Die Angst vor Handystrahlungen ist nicht der Grund

Ein Grund für die Haltung weg vom Körper könnte der Strahlenschutz sein. Hochfrequente elektromagnetische Felder (HF-EMF) zur Übertragung von Informationen entstehen beim Telefonieren ohne Freisprecheinrichtung direkt am Kopf. Allerdings weist das Bundesamt für Strahlenschutz in Salzgitter darauf hin, dass der international empfohlene Grenzwert nach dem derzeitigen wissenschaftlichen Kenntnisstand ausreichend vor Gesundheitsrisiken schützt. 

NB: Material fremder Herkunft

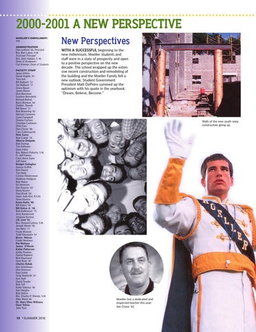 New Perspectives WITH A SUCCESSFUL beginning to the new millennium, Moeller students and staff were in a state of prosperity and open to a positive perspective on the new decade. The school wrapped up the extensive recent construction and remodeling of the building and the Moeller Family felt a new outlook. Student Government President Matt DePetro summed up the optimism with his quote in the yearbook: “Dream, Believe, Become.”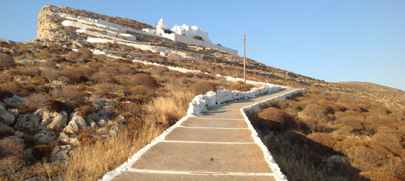 From Pounta square in Chora you can walk a cobblestone path for 15 minutes towards the impressive Church of Panagia.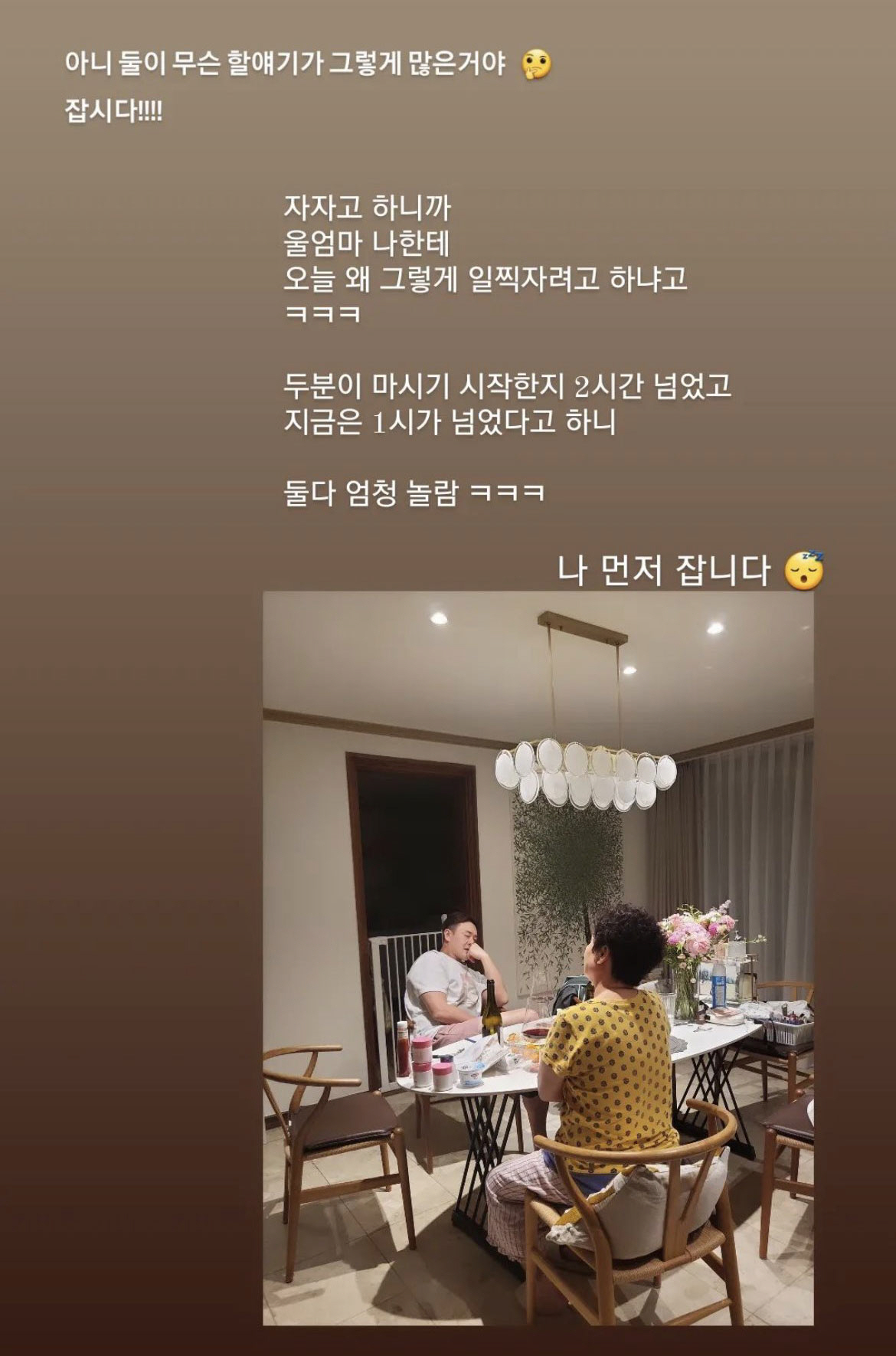 심진화는 "자자고 하니까 울 엄마 나한테 오늘 왜 그렇게 일찍 자려고 하냐고 ㅋㅋㅋ 두 분이 마시기 시작한지 2시간 넘었고 지금은 1시가 넘었다고 하니 둘 다 엄청 놀람 ㅋㅋㅋ 나 먼저 잡니다"라고 상황을 설명하며 김원효의 살가운 모습을 자랑했다.

Der von der International Commission on Non-Ionizing Radiation Protection (ICNIRP) empfohlene maximale SAR -Wert beträgt 2 Watt pro Kilogramm. Ein aktuelles Modell des iPhone 15 Pro erzeugt direkt am Ohr einen SAR-Wert von 0,98 W/kg, also knapp die Hälfte. Die geringste Strahlung emittiert laut Bundesamt das Modell „Globalstar – GSP-1700“ (nie gehört) mit 0,01 W/kg, die höchste kommt mit 1,94 W/kg von einem LG-G512 (ein Auslaufmodell). Das liegt alles noch im grünen Bereich.

Ich wage mich einmal aus dem Fenster und behaupte, das Thema „Handystrahlung“ interessiert die meisten Lauttelefonierer nicht die Bohne.

Rücksicht erleichtert den Alltag

Was ist es denn? Ich weiß es nicht.

Was ich weiß: Wir alle leben in Gemeinschaft. Rücksichtnahme ist kein Luxus, sondern ein Verhalten, das unser aller Alltag angenehmer macht. 

Meine Erfahrung im Zug ist, dass einer freundlich vorgebrachten Bitte, doch ein Headset zu nehmen oder den Lautsprecher auszuschalten meist entsprochen wird. Nicht immer, aber meistens.

Aber die Frage bleibt: Warum halten so viele ihr Handy waagerecht vor den Mund?